Description | Dataset | Model | Test set(s)
---|---|---|---
LightConv (without GLUs) | [IWSLT14 German-English](https://wit3.fbk.eu/archive/2014-01/texts/de/en/de-en.tgz) | [download (.tar.bz2)](https://dl.fbaipublicfiles.com/fairseq/models/dynamicconv/iwslt14.de-en.lightconv.tar.bz2) | IWSLT14 test: <br> [download (.tar.bz2)](https://dl.fbaipublicfiles.com/fairseq/data/iwslt14.de-en.test.tar.bz2)
DynamicConv (without GLUs) | [IWSLT14 German-English](https://wit3.fbk.eu/archive/2014-01/texts/de/en/de-en.tgz) | [download (.tar.bz2)](https://dl.fbaipublicfiles.com/fairseq/models/dynamicconv/iwslt14.de-en.dynamicconv.tar.bz2) | IWSLT14 test: <br> [download (.tar.bz2)](https://dl.fbaipublicfiles.com/fairseq/data/iwslt14.de-en.test.tar.bz2)

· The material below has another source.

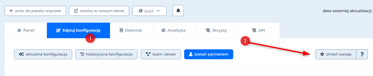 Zmiana wersji wtyczki:

LightConv (without GLUs) | [WMT16 English-German](https://drive.google.com/uc?export=download&id=0B_bZck-ksdkpM25jRUN2X2UxMm8) | [download (.tar.bz2)](https://dl.fbaipublicfiles.com/fairseq/models/dynamicconv/wmt16.en-de.joined-dict.lightconv.tar.bz2) | newstest2014 (shared vocab): <br> [download (.tar.bz2)](https://dl.fbaipublicfiles.com/fairseq/data/wmt16.en-de.joined-dict.newstest2014.tar.bz2)
DynamicConv (without GLUs) | [WMT16 English-German](https://drive.google.com/uc?export=download&id=0B_bZck-ksdkpM25jRUN2X2UxMm8) | [download (.tar.bz2)](https://dl.fbaipublicfiles.com/fairseq/models/dynamicconv/wmt16.en-de.joined-dict.dynamicconv.tar.bz2) | newstest2014 (shared vocab): <br> [download (.tar.bz2)](https://dl.fbaipublicfiles.com/fairseq/data/wmt16.en-de.joined-dict.newstest2014.tar.bz2)
LightConv | [WMT16 English-German](https://drive.google.com/uc?export=download&id=0B_bZck-ksdkpM25jRUN2X2UxMm8) | [download (.tar.bz2)](https://dl.fbaipublicfiles.com/fairseq/models/dynamicconv/wmt16.en-de.joined-dict.lightconv-glu.tar.bz2) | newstest2014 (shared vocab): <br> [download (.tar.bz2)](https://dl.fbaipublicfiles.com/fairseq/data/wmt16.en-de.joined-dict.newstest2014.tar.bz2)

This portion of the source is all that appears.